With two of the world’s biggest emitters of greenhouse gasses, China and Russia, refusing to participate and India’s making little more than a token pledge, hopes for a successful united posture seemed to fade away from day one, despite this impassioned speech by UN Secretary General, António Guterres : "Our addiction to fossil fuels is pushing humanity to the brink. We face a stark choice: Either we stop it, or it stops us. And it's time to say 'enough.' Enough of brutalizing biodiversity. Enough of killing ourselves with carbon. Enough of treating nature like a toilet. Enough of burning and drilling and mining our way deeper. We are digging our own graves.”
Biden’s speech to the COP26 leaders was meant to reassure: “We’ll demonstrate to the world the U.S. is not only back at the table, but hopefully leading by the power of our example…I know it hasn’t been the case, and that’s why my administration is working overtime to show that our climate commitment is action, not words.” Biden “clearly knows that while the U.S. might now be back at the table in a very big way, for a lot of countries it is hard to forget the damage done by the Trump administration to the international climate fight,” Thom Woodroofe, a fellow at the Asia Society Policy Institute and former climate diplomat told the November 2nd Los Angeles Times.

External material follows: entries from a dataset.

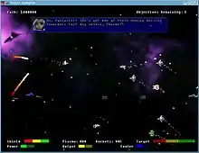 Project: Starfighter is a 2D shoot 'em up written by Parallel Realities (Stephen J Sweeney). It is a mission and objective based game also featuring an intricate plot. The game was later released by Sweeney as Freeware and the engine's source code was opened to the public. The game is now maintained and updated by the game's community as Free and open-source software.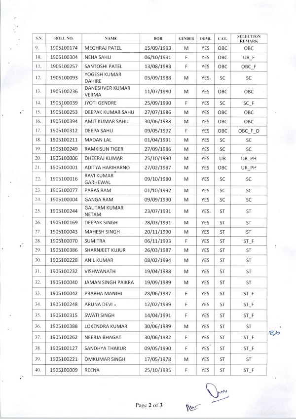 ऑनलाईन परीक्षा में विज्ञापित पदों का तीन गुना अर्थात 168 अभ्यर्थियों को वर्गवार, उपवर्गवार साक्षात्कार के लिए चिन्हांकित किया जाना था, किन्तु पात्र अभ्यर्थियों की अनुपलब्धता के कारण 86 अभ्यर्थियों का साक्षात्कार लिया गया। साक्षात्कार 10 सितम्बर से 12 सितम्बर तक लिया गया। उपरोक्त पदों से संबंधित चयन सूची, अनुपूरक सूची आयोग के वेबसाइट www.psc.cg.gov.in पर जारी कर दिया गया है।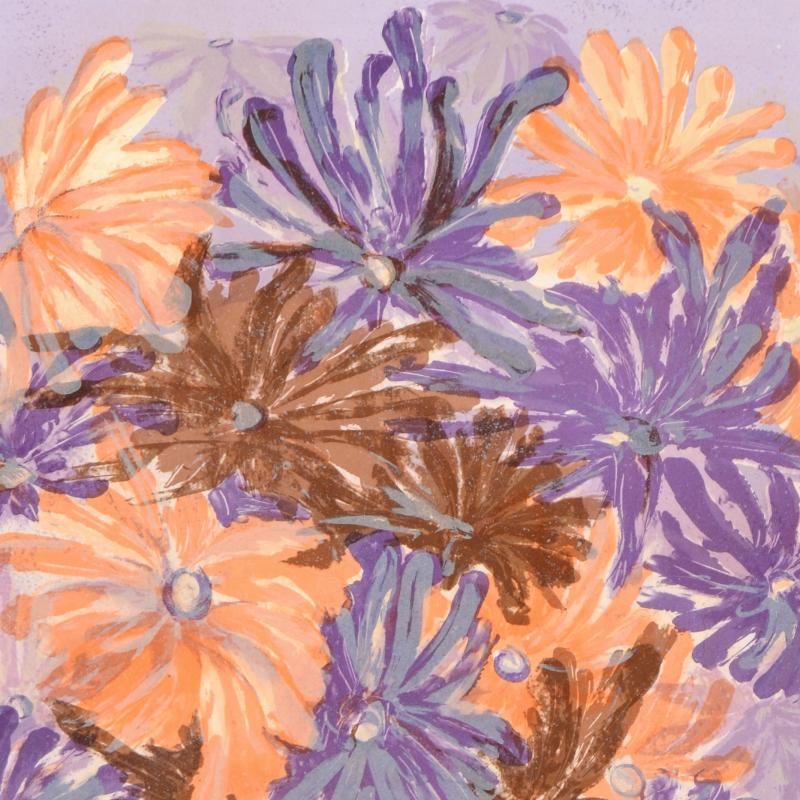 "Spider Mums" is a limited edition lithograph on paper by Hari Hockey, numbered and hand signed by the artist! Measures approx. 22" x 29" (with border); 19" x 26" (image).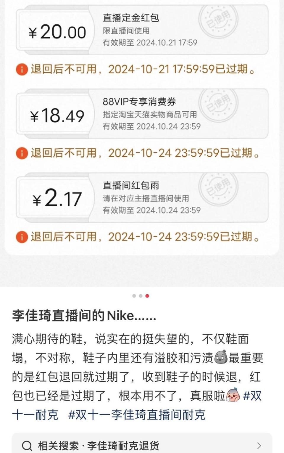 一名消费者向红星新闻介绍,近日,她购买耐克鞋时使用了李佳琦直播间抢到的上百元红包,到手后发现鞋子有上脚硬、脱胶等问题。耐克客服此前回复她,由于断码,目前只能退款不能换货,红包优惠券退回后也已经过期了,“这款鞋也已经下架了,相当于我们直播间那么多红包都浪费了。”也有消费者称,她到手的鞋子更为离谱,鞋舌一长一短,只能退货处理。不少消费者质疑,品牌是趁着双十一大促来处理瑕疵货。

Plus, most delegates were acutely aware of the struggle within the US Congress to pass a set of infrastructure bills with serious climate change dollar commitments.
Before departing, Biden chided both and Russia China for their no-show amid a few general agreements across a large number of the attendees: More than 100 countries committed to stopping and reversing deforestation by 2030, and the US led a group of 90 governments pledging to reduce methane emissions by 2030. Once the senior leaders departed on Tuesday, the nuts-and-bolts negotiators began trying to create a coherent and meaningful written international climate commitment, particularly noting the need to provide massive funding for the poorer nations.
“[The targeted goal: Diplomats] and delegates will set to work on negotiations on a hoped-for agreement that lays out how the world will limit warming to 1.5 degrees Celsius [2.7 degrees Fahrenheit]. They will also try to settle disputes over financial assistance and attempt to finalize a set of rules for how countries report and claim credit for greenhouse gas emissions reductions…
“What they accomplish, or don’t, over the 12-day conference will be a sign of whether the unity and common resolve on display in Paris can be revived.” LA Times (10/2). No one is holding their breath, particularly given that neither Russia nor China were part of that conference. Right now, the planet is heading to well north of 3 degrees Celsius (5.4 degrees Fahrenheit) by the end of the century.
I’m Peter Dekom, and if you think all the coastal erosion, tropical storms, searing heat, desertification, melting polar and glacial ice, massive tropical storms/flooding and wildfires we have now are bad, think of what our future will look like with even higher average global temperatures.